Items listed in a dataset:
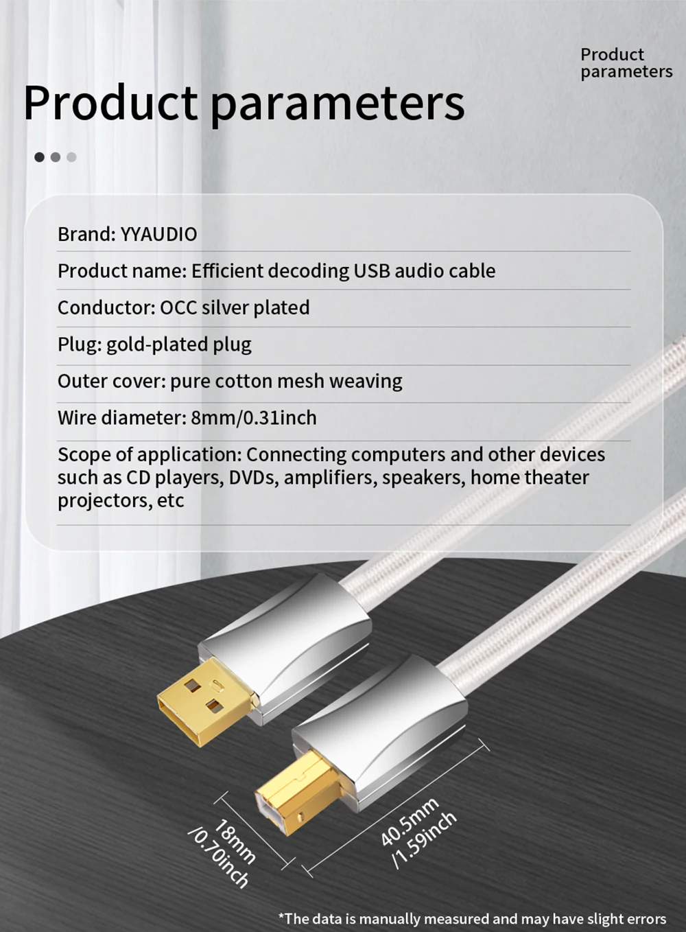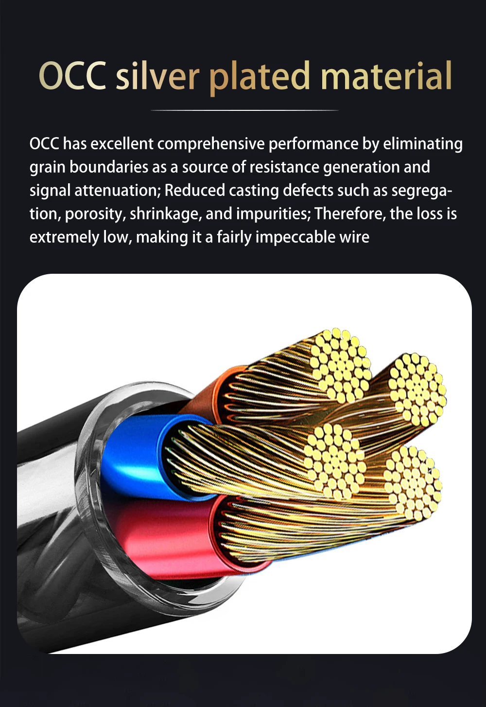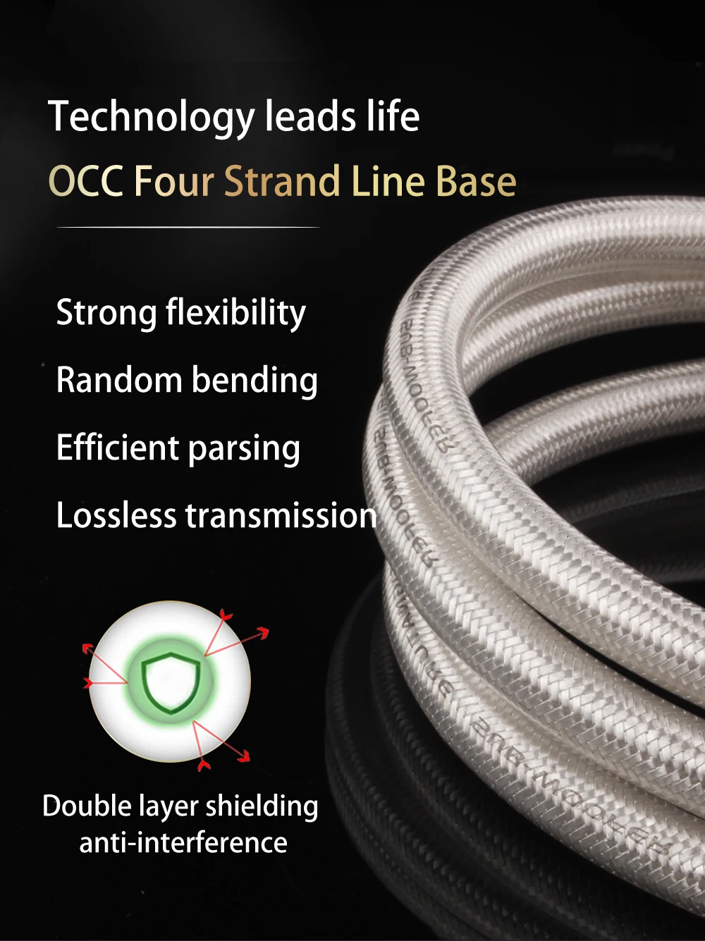 3. Taiwan YYAUDIO wire features: seven-layer four-coredesign, three-layer parallel structure, double anti-staticmesh cover.The conductor is silver-plated 99.999% puresingle crystal copper (OCC), shielding is also silver-platedoxygen-free copper densely woven, effectively protecting the wire core and shielding from external interference.
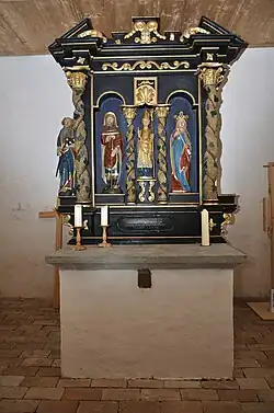 Der geschnitzt Altar von 1699 ist dem Hl. Bonifatius gewidmet und hat eine aufwendige Architektur mit gewundenen, mit Weinblättern und Trauben dekorierten Säulen und einem gesprengten Giebel. Er ist schwarz gefasst und mit vergoldeten Ornamenten geschmückt. Die drei Heiligenfiguren des Altars werden auf einer Seite flankiert von einer Skulptur des Apostels Paulus, sein Pendant auf der anderen Seit fehlt.
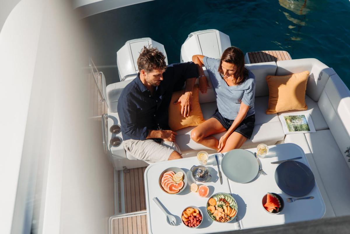 De toegangsdeur aan de zijkant maakt het gemakkelijker om in en uit te stappen, terwijl de zwemtrap gemakkelijke toegang tot het water biedt. De bredere, diepere gangboord aan stuurboord, met hoge preekstoelen, zorgt voor een veilige doorgang naar het voordek om de ankerkluis te openen, toegang te krijgen tot het ponton of te genieten van een pauze in de zon op de zeer comfortabele zonnebedden, compleet met verstelbare rugleuningen. Elke innovatie is ontworpen om beweging gemakkelijker te maken en naadloze toegang tot de zee te bieden, zodat uw reizen comfortabeler, ontspannender en plezieriger zijn.
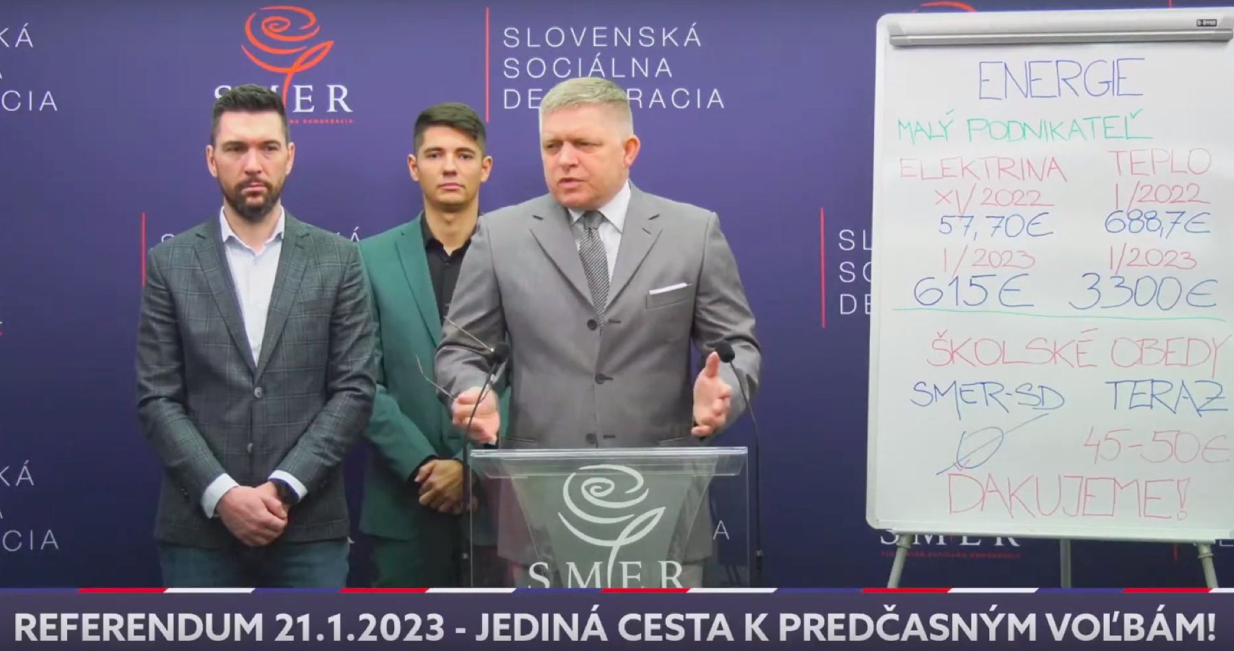 VIDEO: Fico prezentoval závratné sumy na faktúrach za energie v januári 2023, s ktorými Hegerova vláda nerobí absolútne nič a jedinou jej starosťou je „chrániť si vlastné zadky“. Bývalý premiér v rámci východiska z tejto situácie vyzval občanov zúčastniť sa referenda o predčasných voľbách
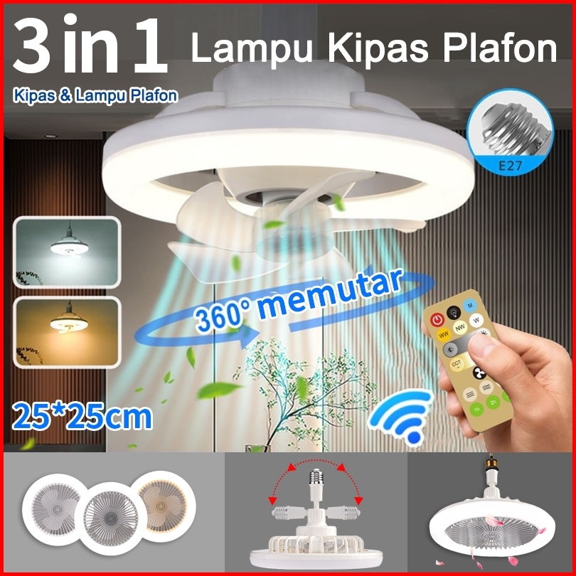Lampu Kipas Angin Remote 3in1 36w E27 Plafon Fan Ceiling
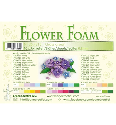 Flower foam sheets – A4 formaat – dikte 0.8mm – 10st GRASS GROEN is een veelzijdig foam voor bloem- en hobbyprojecten. Het is licht, flexibel en eenvoudig te vormen met warmte. Perfect voor natuurgetrouwe bloemen, decorstukken en creatieve accessoires – van miniaturen tot cosplay.
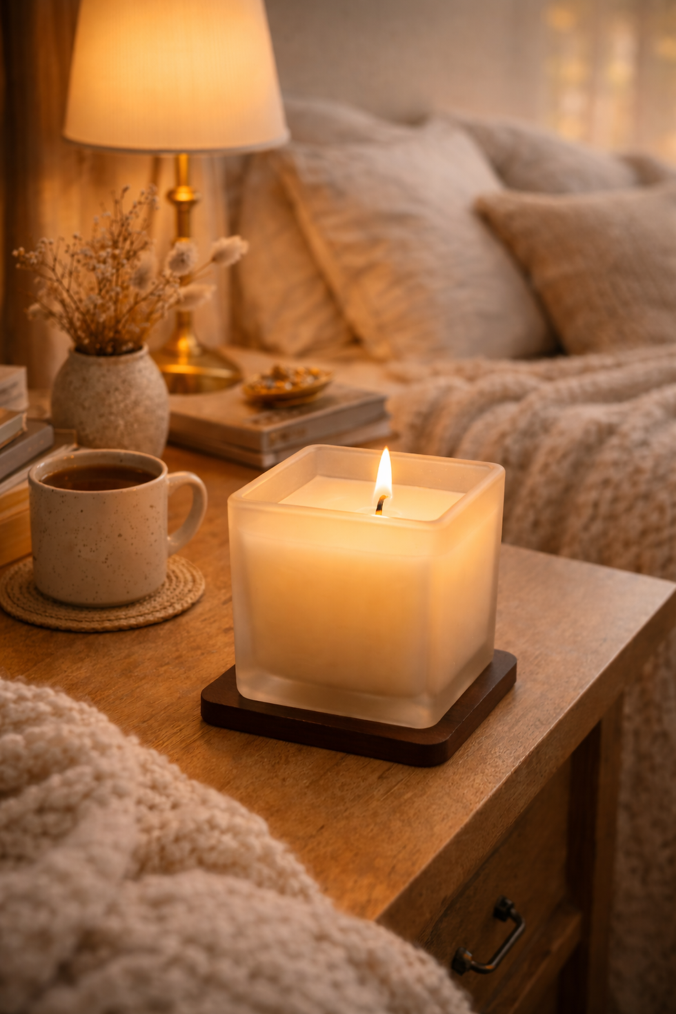 🕯️ 5. Add Cozy Warmth with Candles and Blankets
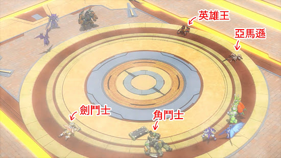 受到恐龍軍團攻擊時,英雄王和劍鬥士在一起,角鬥士則和亞馬遜戰士在一起

Exercise: Print the data above exactly, from its first line to the line bearing "Der geschnitzt Altar" inclusive, and keep pictures out of the result.

Completed task:
 3. Taiwan YYAUDIO wire features: seven-layer four-coredesign, three-layer parallel structure, double anti-staticmesh cover.The conductor is silver-plated 99.999% puresingle crystal copper (OCC), shielding is also silver-platedoxygen-free copper densely woven, effectively protecting the wire core and shielding from external interference.
 Der geschnitzt Altar von 1699 ist dem Hl. Bonifatius gewidmet und hat eine aufwendige Architektur mit gewundenen, mit Weinblättern und Trauben dekorierten Säulen und einem gesprengten Giebel. Er ist schwarz gefasst und mit vergoldeten Ornamenten geschmückt. Die drei Heiligenfiguren des Altars werden auf einer Seite flankiert von einer Skulptur des Apostels Paulus, sein Pendant auf der anderen Seit fehlt.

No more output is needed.